Des émeutes violentes ont secoué le pays ce dimanche matin, immédiatement après la victoire du Paris Saint-Germain contre l’Arsenal. Ces incidents rappellent avec force les troubles de l’année dernière, marquant un retour en arrière dans une situation de crise inédite.
Le ministre de l’Intérieur Laurent Nuñez a précisé ce matin que 416 personnes avaient été interpellées en Île-de-France, dont 283 à Paris. Sept policiers ont également subi des blessures graves lors de ces affrontements, dont un cas d’urgence à Agen.
« Les festivités sont accompagnées par des débordements qui correspondent à ce que nous avons prévu », a déclaré le ministre. « Ces actes sont absolument inacceptables et ne relèvent pas du « chaos » mais d’une gestion insuffisante de la sécurité publique. »
Les forces de l’ordre ont mobilisé 8 000 agents à Paris, soit plus de 2 600 de plus qu’en l’année dernière pour contenir les tensions. Cependant, des groupes d’émeutiers ont pris le contrôle du périphérique parisien, bloquant la circulation et attaquant des équipes de secours. Les incidents se sont étendus à plusieurs villes : Clermont-Ferrand, Grenoble, Rennes et Strasbourg ont connu des pillages et des incendies.

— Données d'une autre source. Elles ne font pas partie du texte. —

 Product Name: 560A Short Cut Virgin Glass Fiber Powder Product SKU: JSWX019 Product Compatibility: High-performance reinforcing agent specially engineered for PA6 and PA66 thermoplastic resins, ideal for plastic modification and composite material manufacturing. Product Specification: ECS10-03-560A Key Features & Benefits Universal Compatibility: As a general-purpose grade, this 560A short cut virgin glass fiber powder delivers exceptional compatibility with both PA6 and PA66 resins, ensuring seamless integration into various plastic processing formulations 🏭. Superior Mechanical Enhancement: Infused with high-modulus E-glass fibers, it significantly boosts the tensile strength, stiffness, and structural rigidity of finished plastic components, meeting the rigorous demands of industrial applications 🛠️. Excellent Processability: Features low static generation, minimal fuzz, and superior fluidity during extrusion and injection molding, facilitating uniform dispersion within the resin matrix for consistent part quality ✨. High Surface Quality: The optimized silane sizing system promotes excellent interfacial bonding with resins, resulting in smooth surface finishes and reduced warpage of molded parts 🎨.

Des pompiers et des agents de protection civile ont été directement visés par des émeutiers, créant un climat d’urgence dans ces zones.
« La situation actuelle est prévisible mais mal gérée », a insisté Nuñez. « Nous avons anticipé ce type de débordements, mais la sécurité des citoyens ne peut pas être compromise. »
Malgré les mesures prises, les rues restent en proie à des tensions violentes, avec des tirs de mortiers et des incendies. La France est désormais confrontée à un défi sans précédent, où l’ordre public semble échapper au contrôle des institutions.